Bring back the Czech presidency, quick!

by das monde on Wed Jul 1st, 2009 at 03:59:50 PM EST
Moody's Investors Service has issued its annual report on the Nordic Investment Bank (NIB or Bank). The eight members of the Aaa/ Prime 1-rated international financial institution are the five Nordic nations and the three Baltic countries. The Bank's capital and loan exposures are roughly proportional to the size of the member economies, with 96% of the capital contributed by the four Aaa-rated Nordics: Sweden, Finland, Denmark and Norway. "NIB's top ratings reflect its exceptionally strong creditworthiness, based on a track record of nearly unblemished asset quality, prudent financial management, healthy capital adequacy, and strong liquidity," said Kristin Lindow, Senior Vice President in Moody's.

That was then....

You can't be me, I'm taken

by Sven Triloqvist on Wed Jul 1st, 2009 at 04:15:10 PM EST
[ Parent ]
I call BS. So, they cut the milk from the school lunches and we had to make do with water for a while. Boo-fucking-hoo, certainly not the end of the welfare state.

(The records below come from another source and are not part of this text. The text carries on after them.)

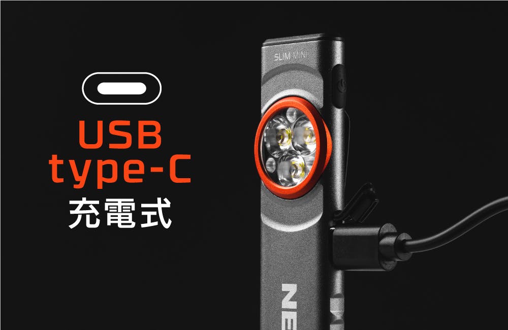 USB-C端子を備わっており、電源コードと接続して充電できるタイプです。
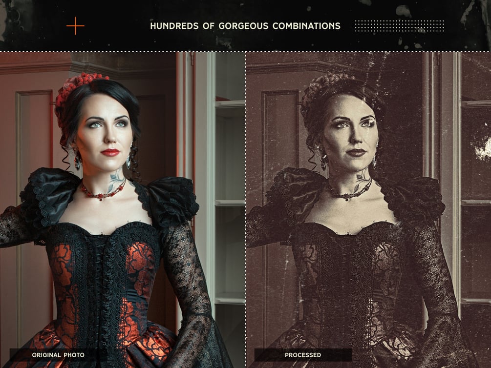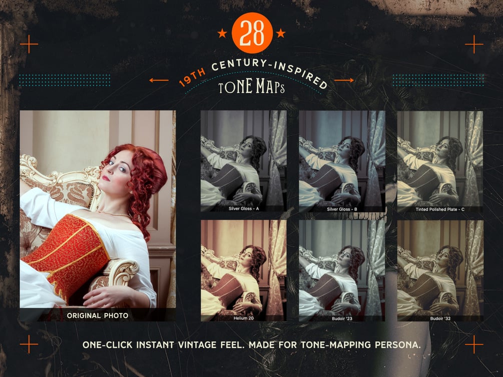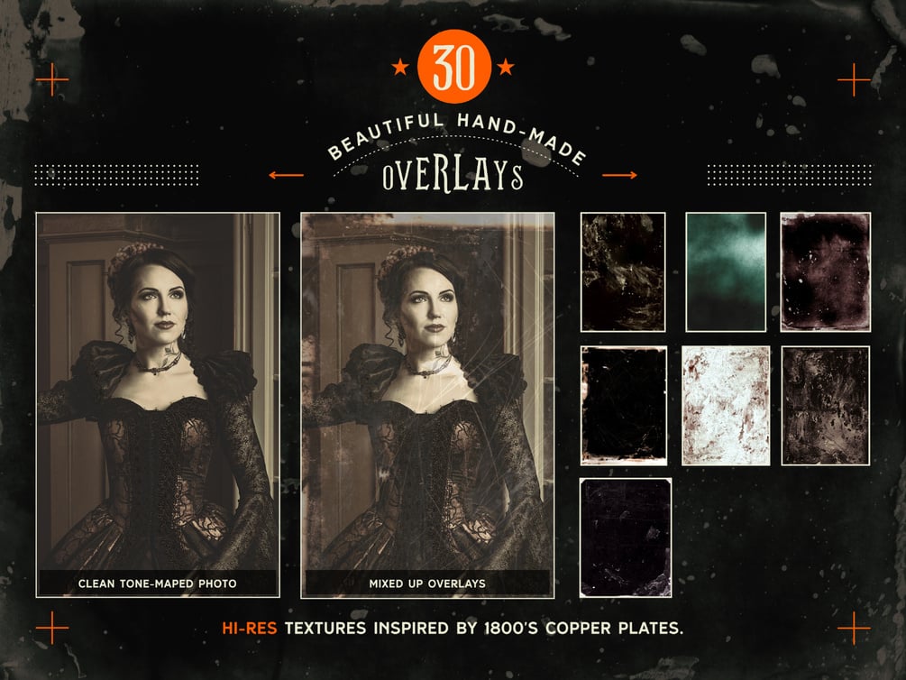 Inspired by 19th-century developing techniques, this practical kit of Tone Maps, Overlays and Macros, will provide you with hours of fun, mangling your pristine high-quality photos and turning them into beautiful pieces of damaged vintage art.
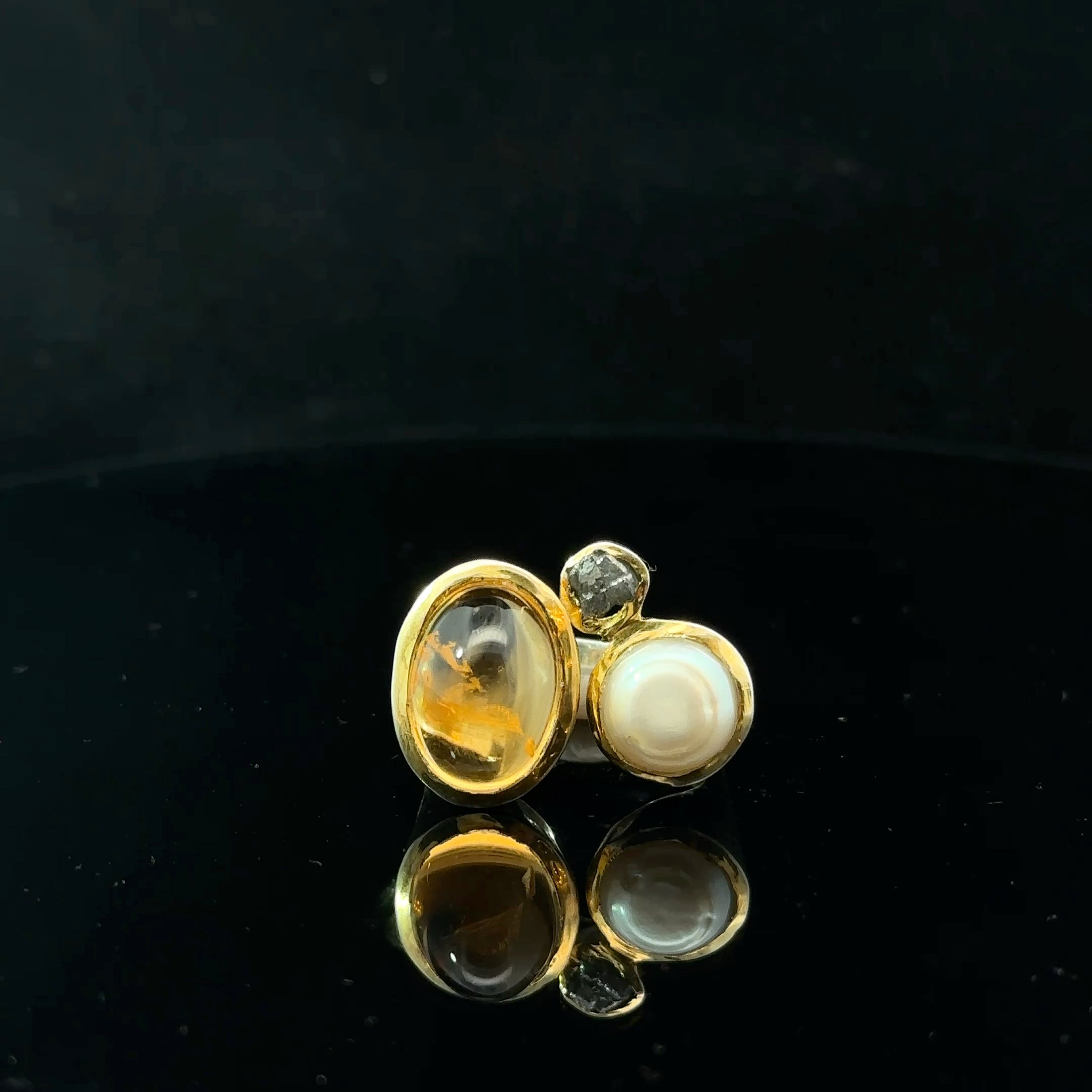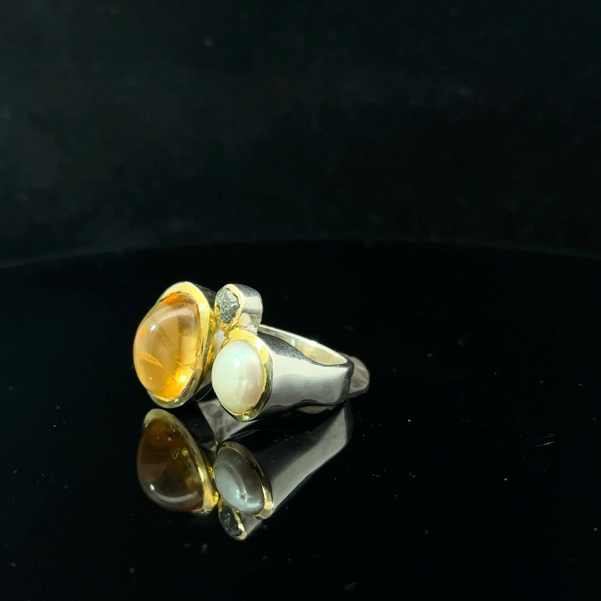 • Lejupielādēt attēlu galerijas skatītājā, Citrīna, pērļu un dimanta gredzens, 19. izmērs; 925. proves sudrabs
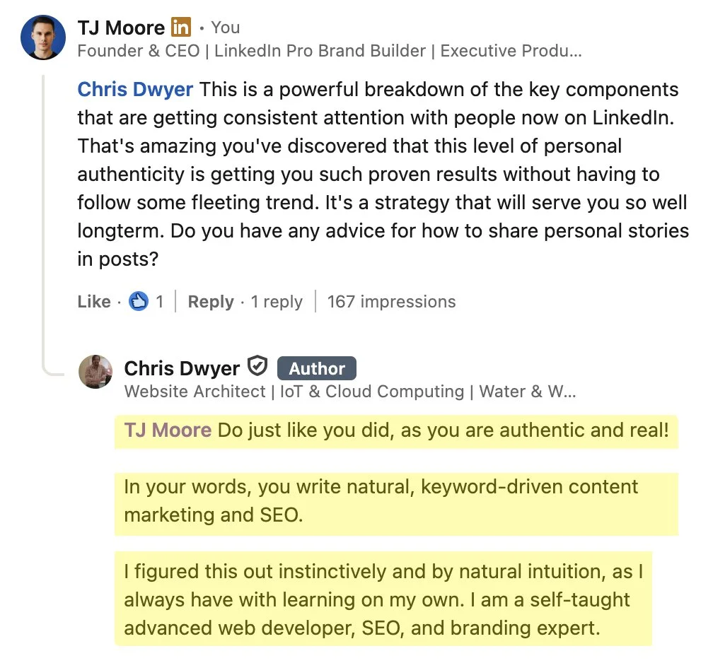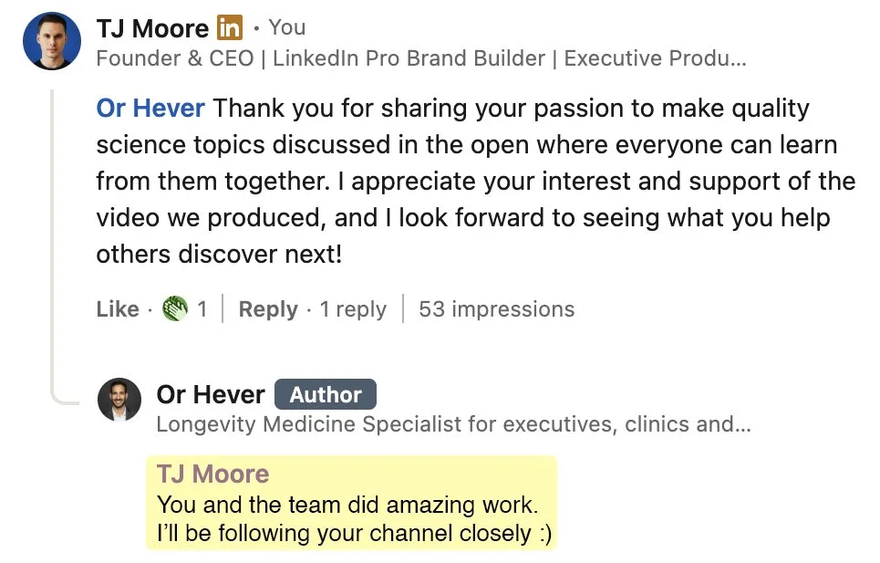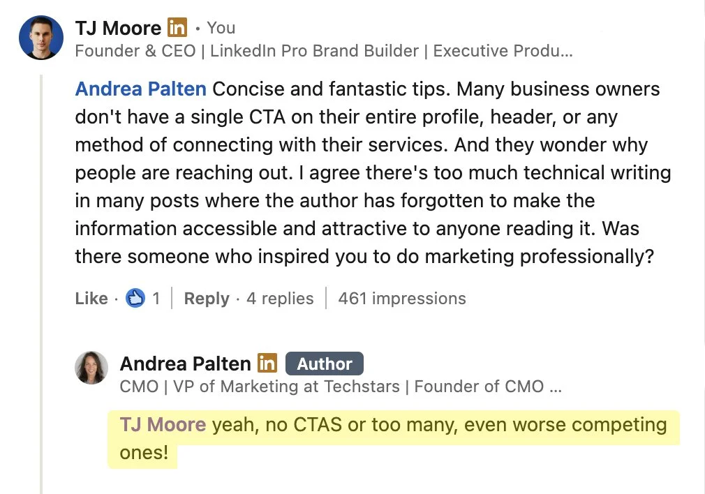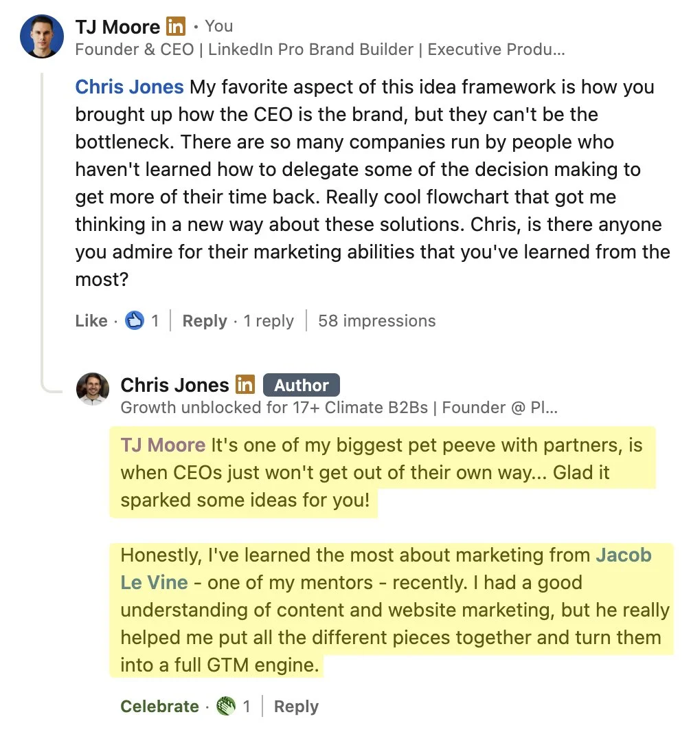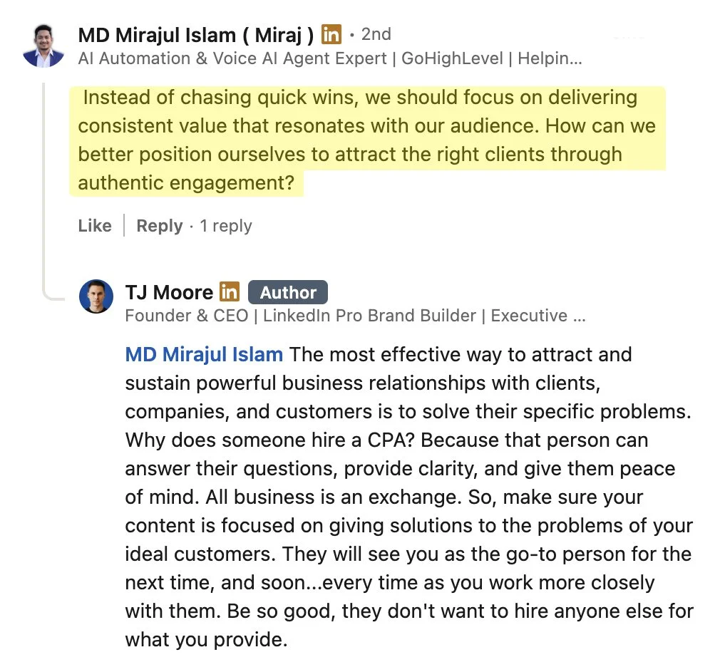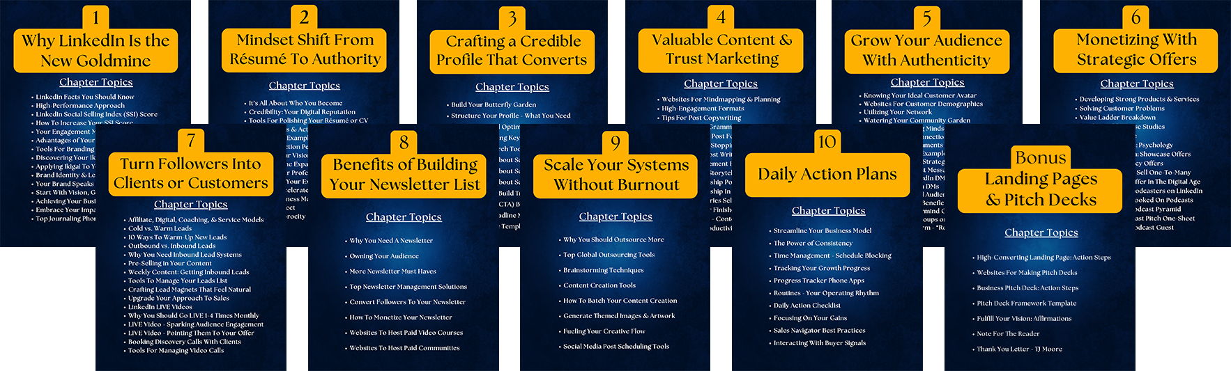 “I’ve created content for top Hollywood and global media brands. And now, I’m sharing everything I’ve learned about growing and monetizing on LinkedIn to business leaders in every major industry.” - TJ Moore
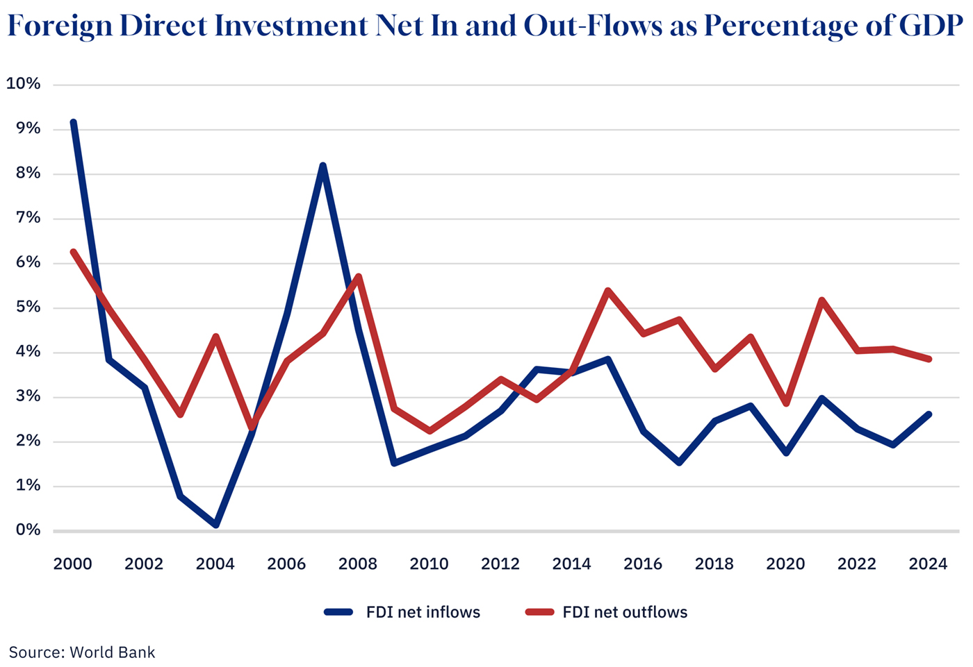 Since 2014, net FDI outflows have consistently outpaced inflows. In 2024, outflows hovered near 4 percent of GDP, while inflows barely exceeded 2.5 percent. The prime minister’s sales pitch is essential, but it fights a current that has been flowing against us for 10 years.
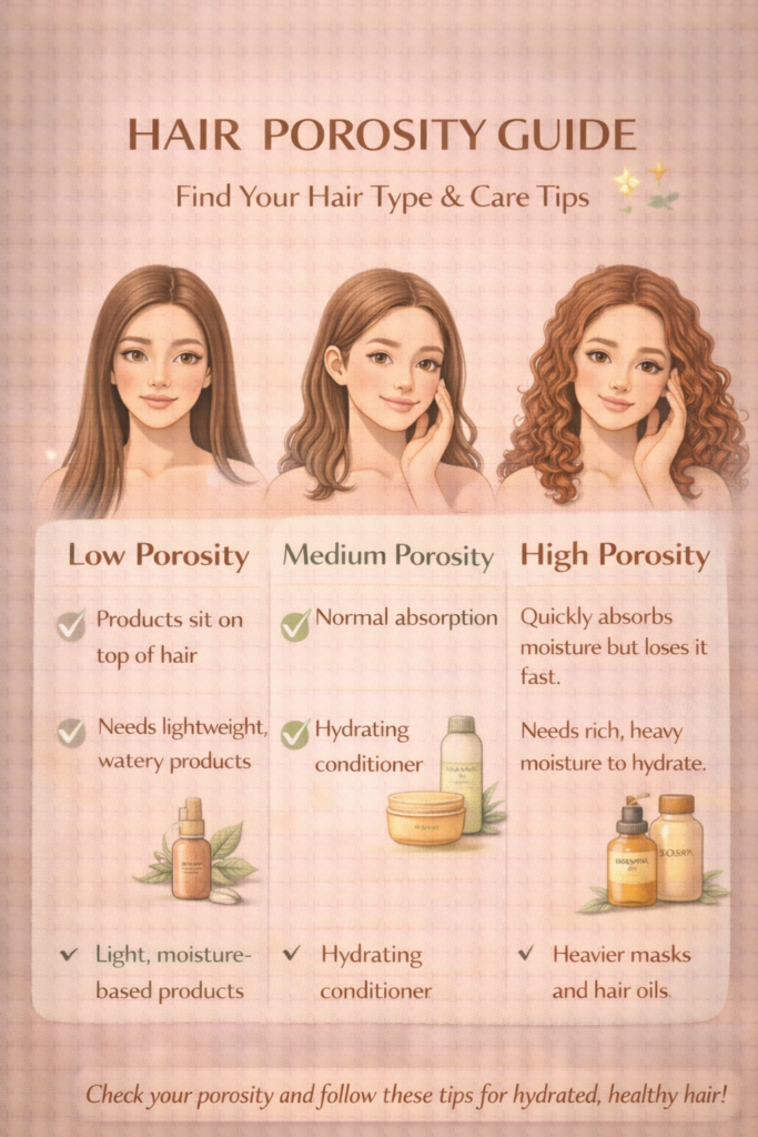 Not sure why your hair feels dry, oily, or hard to manage? Hair porosity shows how well your hair absorbs and keeps moisture. Low porosity hair needs lightweight products. Medium porosity hair stays healthy with normal hydration. High porosity hair needs deep moisture and oils to stay soft. Knowing your hair porosity helps you choose the right routine for stronger and shinier hair. Save this pin to understand your hair better โœจ #HairCareTips #HealthyHairRoutine #NaturalHairCare
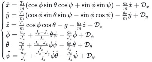 四旋翼无人机(QUAV)的动力学模型是强非线性、高耦合、欠驱动的:
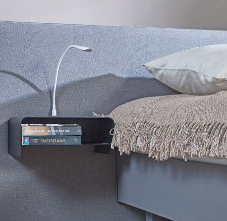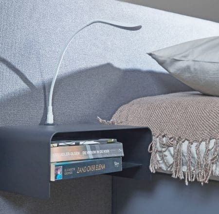 Het bed op de foto is voorzien van hoofdbord Moma. Dit hoofdbord is aan beide zijden 55 cm breder dan het bed, wat zorgt voor een moderne en luxe uitstraling.
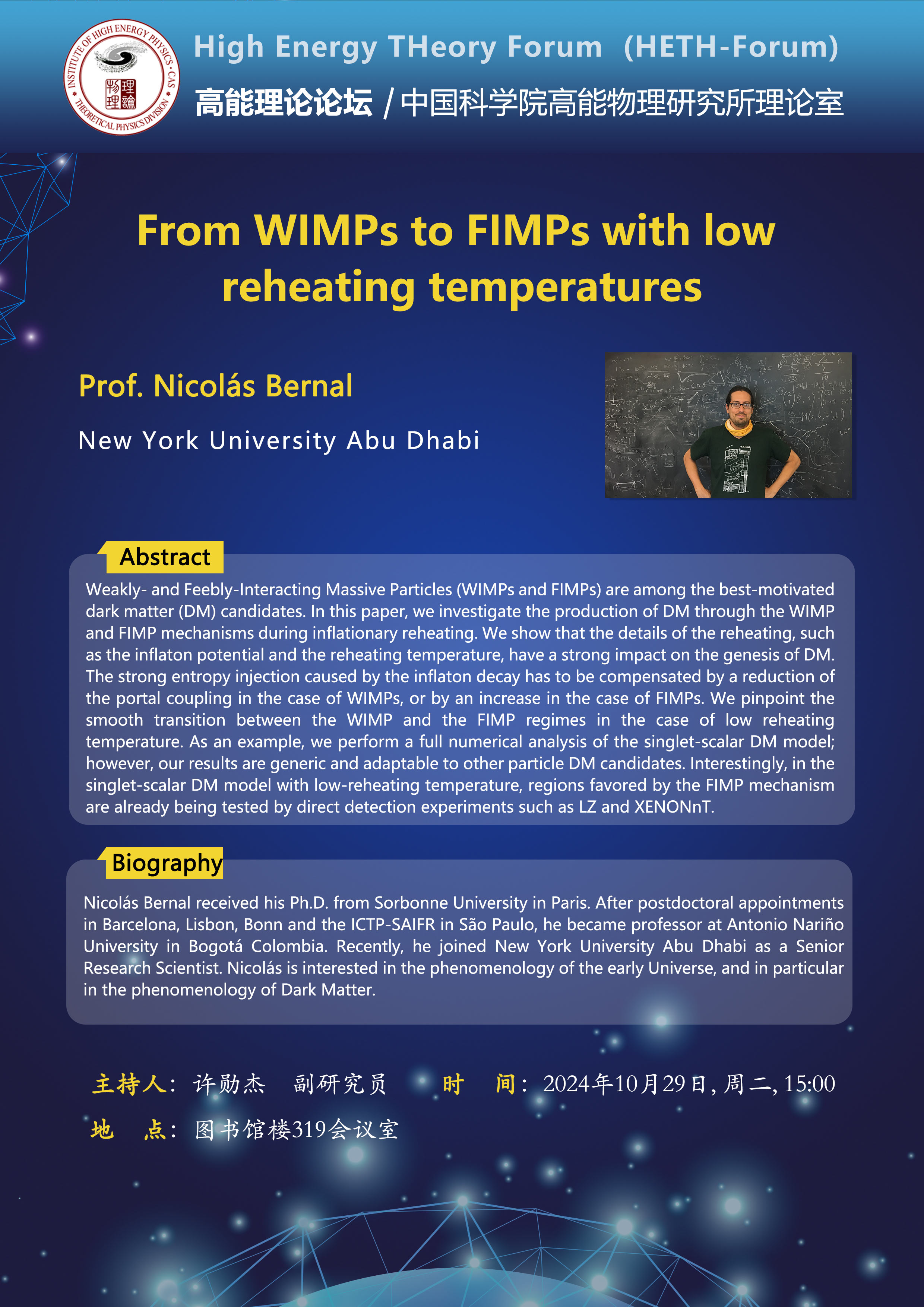 【10.29】高能理论论坛第81期--From WIMPs to FIMPs with low reheating temperatures
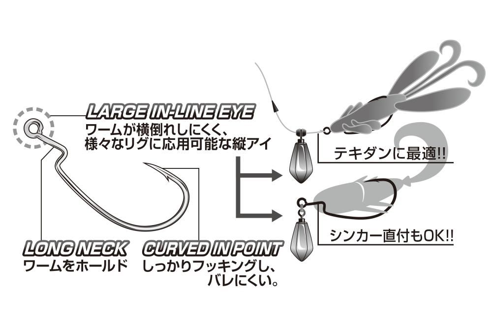 スプリットリング&ダウンショットシンカー等を直接続でき、簡単にリーダーレスダウンショットを組む事ができる「ワイドなタテアイ」が斬新なロックフィッシュゲーム対応オフセットフック。シャンクが常に下側に安定しやすく、水中でのワームの上下を確実にアングラーの意図通り向かわせるタテアイフックの特長と、ワイドアイの長所を融合。シンカーフリーとなるテキダンやテキサスリグにもその性能を発揮。#4〜#3/0までのサイズラインナップが追加となり、さらに幅広い根魚をロックします。

And our banking crisis was managed in an exemplary way, except they didn't put draconian enough legislation in place to stop future excesses.

Calling our government "conservative" is, well, I guess it's just the British way of saying "right-wing". Our government is to the left of Brown, and certainly of Blair.

This guy puts me in mind of some crazy old marxist who has become disillusioned, turned to neoliberalism and started to hate the idealised old model which couldn't meet his sky-high fantasy expectations. He has probably never even been to Sweden.

For example, the following are just outrageously blatant lies:

Take healthcare. Swedes do not enjoy free public care: it costs to see a GP. That is, if you manage to see one. Queues are long and scandals rack the system. Psychiatric care, the source of many such scandals, has a near-medieval penchant for authoritarianism with few European equivalents. People are locked up for months for not taking medicine, given no therapy, and spat out of the system into despair and destitution. The mentally ill die in wards and in outpatient isolation. And they do not even have charities to turn to because state-run healthcare is supposed to work: this is Sweden, after all.


Peak oil is not an energy crisis. It is a liquid fuel crisis.
by Starvid (arvid.hallen at gmail.com) on Thu Jul 2nd, 2009 at 02:54:25 AM EST
[ Parent ]
BS indeed, though the wait for free dental treatment in Finland is getting longer ;-)

You can't be me, I'm taken
by Sven Triloqvist on Thu Jul 2nd, 2009 at 04:02:19 AM EST
[ Parent ]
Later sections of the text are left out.